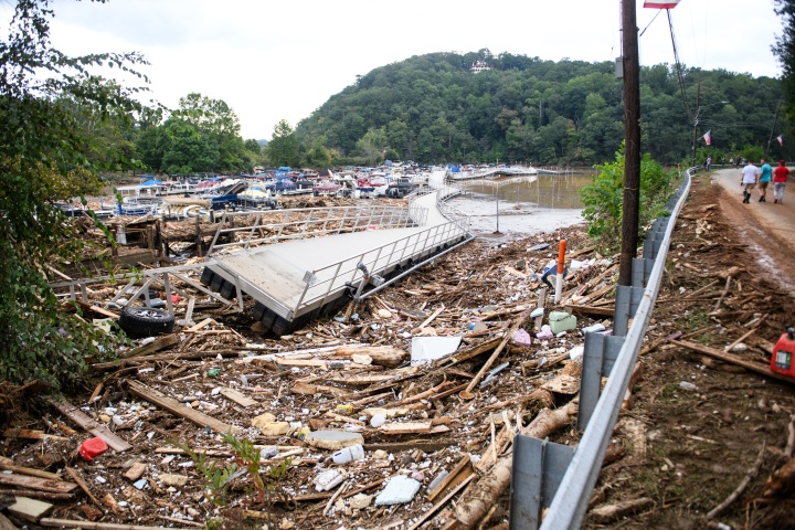 El huracán Helene se había reducido a una tormenta tropical en el momento en que azotó Carolina del Norte, pero lanzó una potente bomba de agua sobre la zona. Las casas situadas en las laderas parecían seguras, pero las lluvias torrenciales provocaron el hundimiento de la arcilla subyacente, dando lugar a grandes deslizamientos de tierra hacia los valles de abajo. Incontables vidas y medios de subsistencia fueron arrastrados por ríos de escombros y restos del desastre.
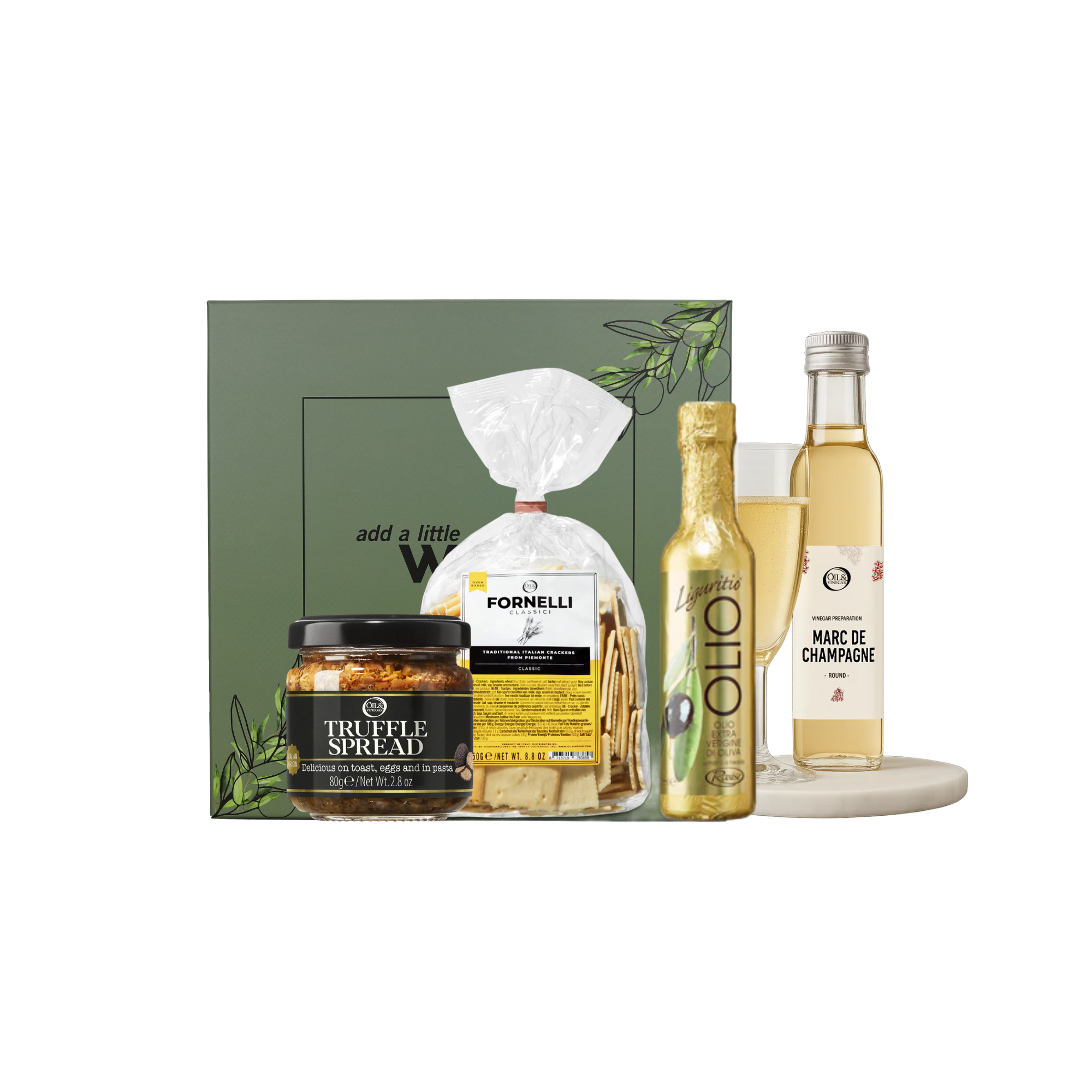 Vier de feestdagen in stijl met dit sprankelende cadeaupakket. Geniet van de verfijnde Truffelspread, de knapperige Fornelli crackers en de elegante extra vergine olijfolie in gouden fles. De exclusieve Marc de Champagne azijn zorgt voor een feestelijke twist bij salades en hapjes. Een gouden combinatie die elke borrel of diner naar een hoger niveau tilt.
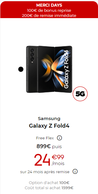 En paiement comptant, ce smartphone passe donc de 1799€ à 1599€. A cela s’ajoute un bonus de reprise de 100€ (soit 1499€ au final)

━━━━━━━━━━━━━━━━

[Requirement] Repeat the listing exactly, minus its pictures.

[Final answer]
 El huracán Helene se había reducido a una tormenta tropical en el momento en que azotó Carolina del Norte, pero lanzó una potente bomba de agua sobre la zona. Las casas situadas en las laderas parecían seguras, pero las lluvias torrenciales provocaron el hundimiento de la arcilla subyacente, dando lugar a grandes deslizamientos de tierra hacia los valles de abajo. Incontables vidas y medios de subsistencia fueron arrastrados por ríos de escombros y restos del desastre.
 Vier de feestdagen in stijl met dit sprankelende cadeaupakket. Geniet van de verfijnde Truffelspread, de knapperige Fornelli crackers en de elegante extra vergine olijfolie in gouden fles. De exclusieve Marc de Champagne azijn zorgt voor een feestelijke twist bij salades en hapjes. Een gouden combinatie die elke borrel of diner naar een hoger niveau tilt.
 En paiement comptant, ce smartphone passe donc de 1799€ à 1599€. A cela s’ajoute un bonus de reprise de 100€ (soit 1499€ au final)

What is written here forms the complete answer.